= E.W. Holbrook & Company =

E. W. Holbrook & Company was a New York City dry goods firm which became bankrupt in July 1883. Located at 51 Leonard Street, near Broadway (Manhattan), in Lower Manhattan, the business was among the most well-known of its kind. The company, led by Edwin W. Holbrook and three other directors, was in debt in the amount of $750,000 The failure was attributed to losses involved in the operation of its three cotton mills. Holbrook also lost $500,000 on Wall Street (Manhattan) in speculation. During the week of E.W. Holbrook & Company's insolvency, 162 other firms in the United States failed.

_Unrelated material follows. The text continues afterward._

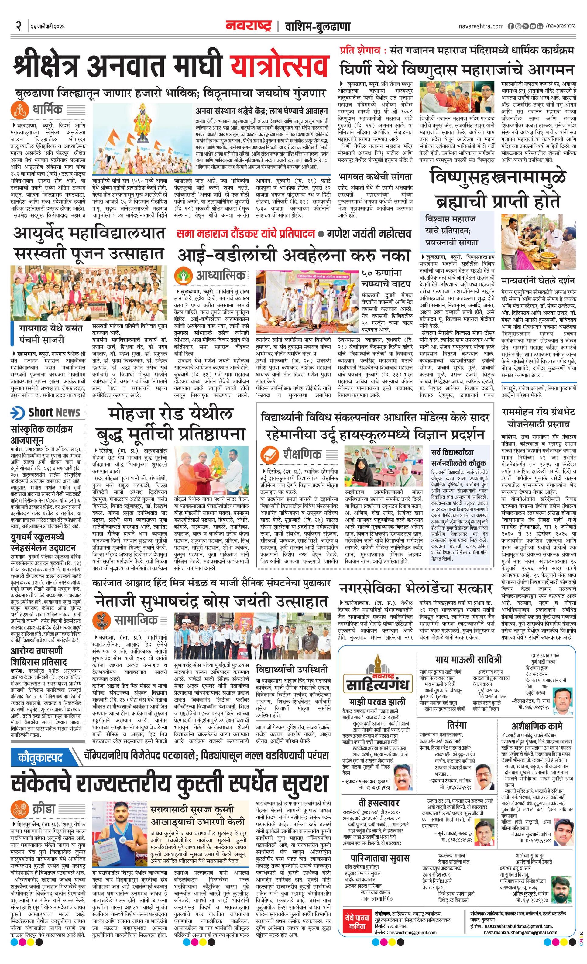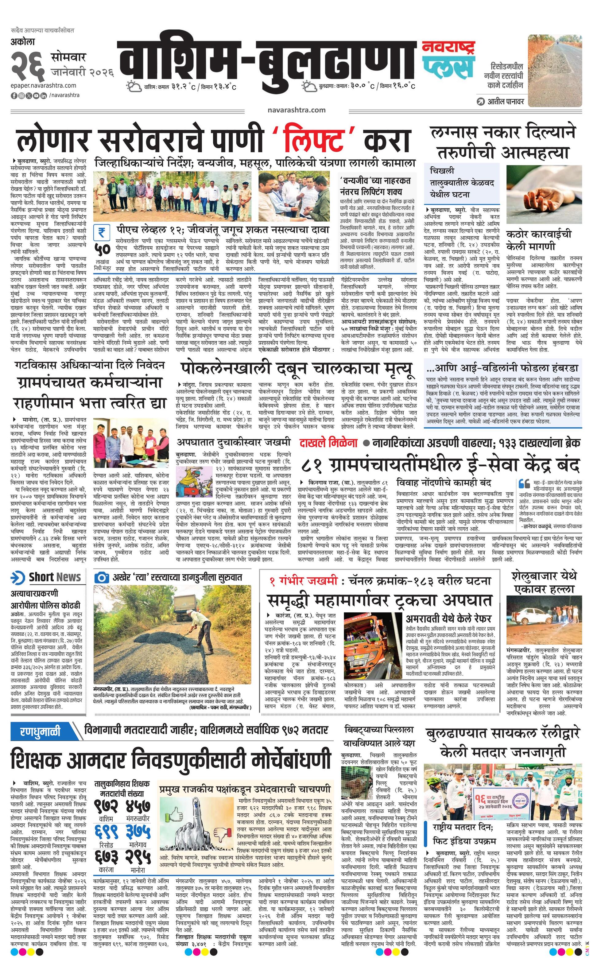 Washimbuldhanaplus E-paper | 2026-01-26 | Page 1 | Navarashtra

==Director mismanaged finances==
Holbrook owned Grafton Mill at Grafton, Massachusetts. He was president of the Springvale Mill Company of Springvale, Maine. He was also one of the principal officers of the National City Bank, a director of the Delaware, Lackawanna and Western Railroad, Western Railroad, and a member of the Union League.

As an insider with the Delaware, Lackawanna and Western Railroad, Holbrook once profited by purchasing its stock for $80 a share and made a profit of $100,000. This
led him into risky ventures as a margin (finance) buyer, and he extended his business operations on margins. When stock prices declined in the days prior to insolvency, Holbrook was unable to pay $40,000 which he owed stockbrokers.

==Corporation history==
E.W. Holbrook & Company was founded in Boston, Massachusetts under the name Clarke, Holbrook & Floyd. Clarke retired in January 1865, and afterward the firm was called Holbrook, Floyd & Company. It became E.W. Holbrook & Company in 1868.

The dry goods concern leased the Empire Mills in Troy, New York, from which it purchased a considerable amount in machinery. The company maintained two bank accounts, with National City Bank and Central National Bank. E.W. Holbrook & Company owed no money to National City Bank.